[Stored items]
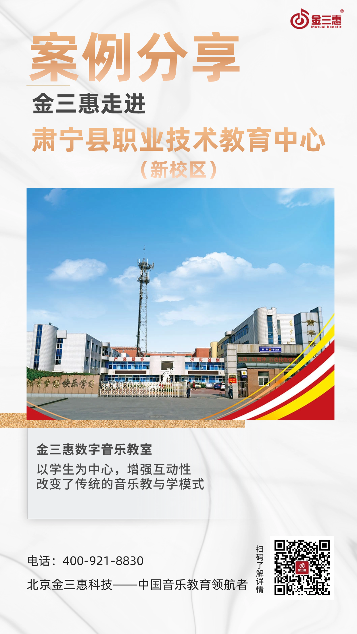 2025年11月,金三惠音樂教室走進(jìn)河北省肅寧縣職業(yè)技術(shù)教育中心,為學(xué)校提供了40+1的電鋼琴教室,配備了金三惠電鋼琴教學(xué)系統(tǒng)、電鋼琴、數(shù)字音樂教學(xué)儀等教學(xué)教具。
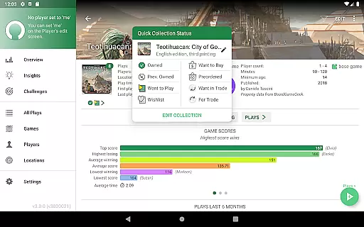 BG Stats stands out with its robust feature set tailored specifically for board gamers. The app provides extensive collection management capabilities, allowing users to track owned games, wishlists, and acquisition details. Its play tracking system supports complex scenarios including expansions, anonymous players, and team scores, while offering over 2300 game-specific score sheets for accurate data entry.
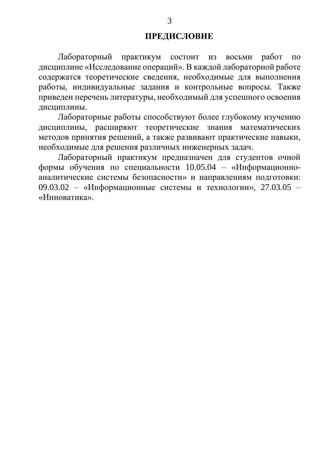 Содержатся восемь лабораторных работ по дисциплине «Исследование операций». Лабораторный практикум предназначен для студентов очной формы обучения по специальности 10.05.04 – «Информационно- аналитические системы безопасности» и направлениям подготовки: 09.03.02 – «Информационные системы и технологии», 27.03.05 – «Инноватика».
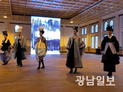 ‘수묵패션쇼’는 tvN 드라마 ‘미스터썬샤인’ 등 다수의 영화·드라마에서 의상 연출자로 참여한 세계적 한복 디자이너 김영진이 연출을 맡았다. 수묵의 아름다움을 담은 한복의상을 입은 모델의 다이내믹한 워킹과 수묵비엔날레 주전시관 작품을 콜라보해 수묵이 나아갈 방향을 제시했다는 평을 받고 있다.
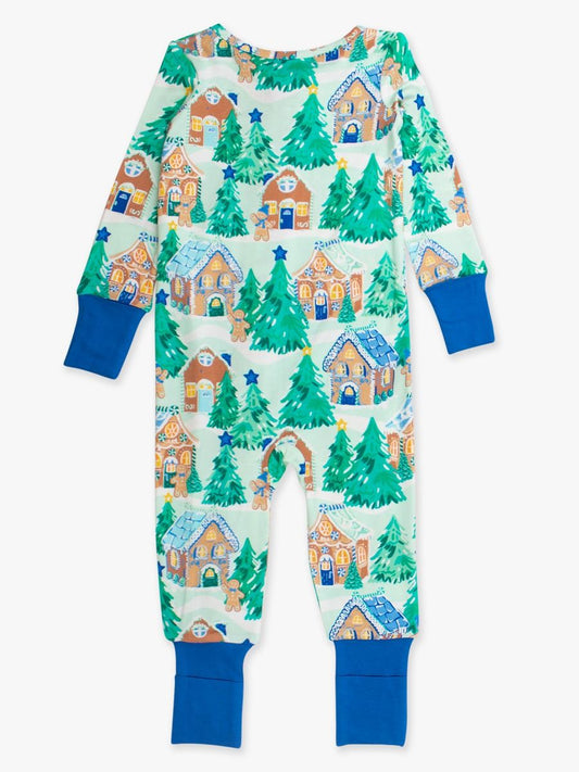 RuffleButts + RuggedButts - Convertible One Piece Pajama - Blue Jolly Gingerbread
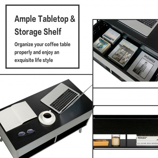31.5" Lift Top Coffee Table with Hidden Compartment and 2 Storage Shelves-Black
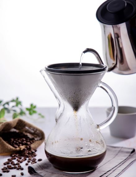 コーン型ステンレスフィルターを使用することで、スッキリとした香り豊かな味わいを実現。オリジナルブレンドや、シングルオリジン、ディカフェコーヒーのコーヒー豆も豊富に用意している。
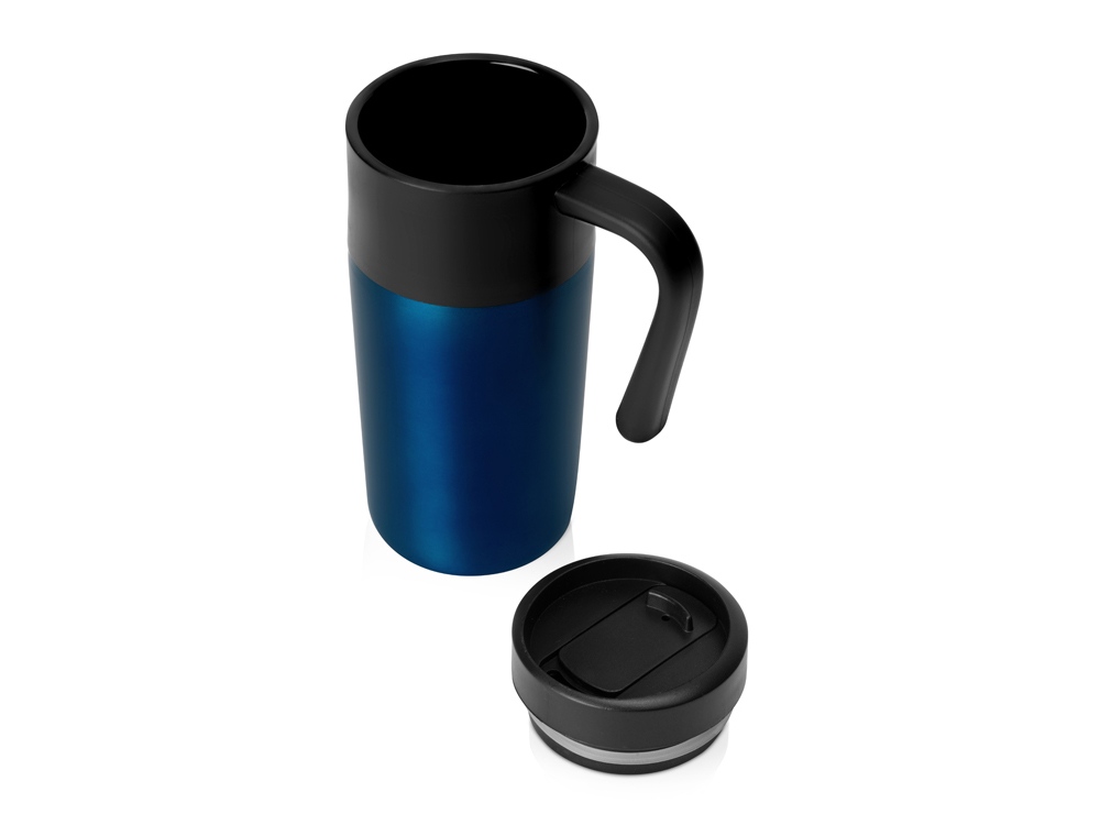 Термокружка с фиксированной ручкой и крышкой-слайдером. Внутренняя колба выполнена из безопасного полипропилена. Внешний корпус сделан из нержавеющей стали. Объем 330 мл.

Task to complete:
All lines from the one containing "제시했다는 평을 받고 있다." to the end of the entries should appear in the output exactly as written, with no pictures.

Exercise output:
 ‘수묵패션쇼’는 tvN 드라마 ‘미스터썬샤인’ 등 다수의 영화·드라마에서 의상 연출자로 참여한 세계적 한복 디자이너 김영진이 연출을 맡았다. 수묵의 아름다움을 담은 한복의상을 입은 모델의 다이내믹한 워킹과 수묵비엔날레 주전시관 작품을 콜라보해 수묵이 나아갈 방향을 제시했다는 평을 받고 있다.
 RuffleButts + RuggedButts - Convertible One Piece Pajama - Blue Jolly Gingerbread
31.5" Lift Top Coffee Table with Hidden Compartment and 2 Storage Shelves-Black
 コーン型ステンレスフィルターを使用することで、スッキリとした香り豊かな味わいを実現。オリジナルブレンドや、シングルオリジン、ディカフェコーヒーのコーヒー豆も豊富に用意している。
 Термокружка с фиксированной ручкой и крышкой-слайдером. Внутренняя колба выполнена из безопасного полипропилена. Внешний корпус сделан из нержавеющей стали. Объем 330 мл.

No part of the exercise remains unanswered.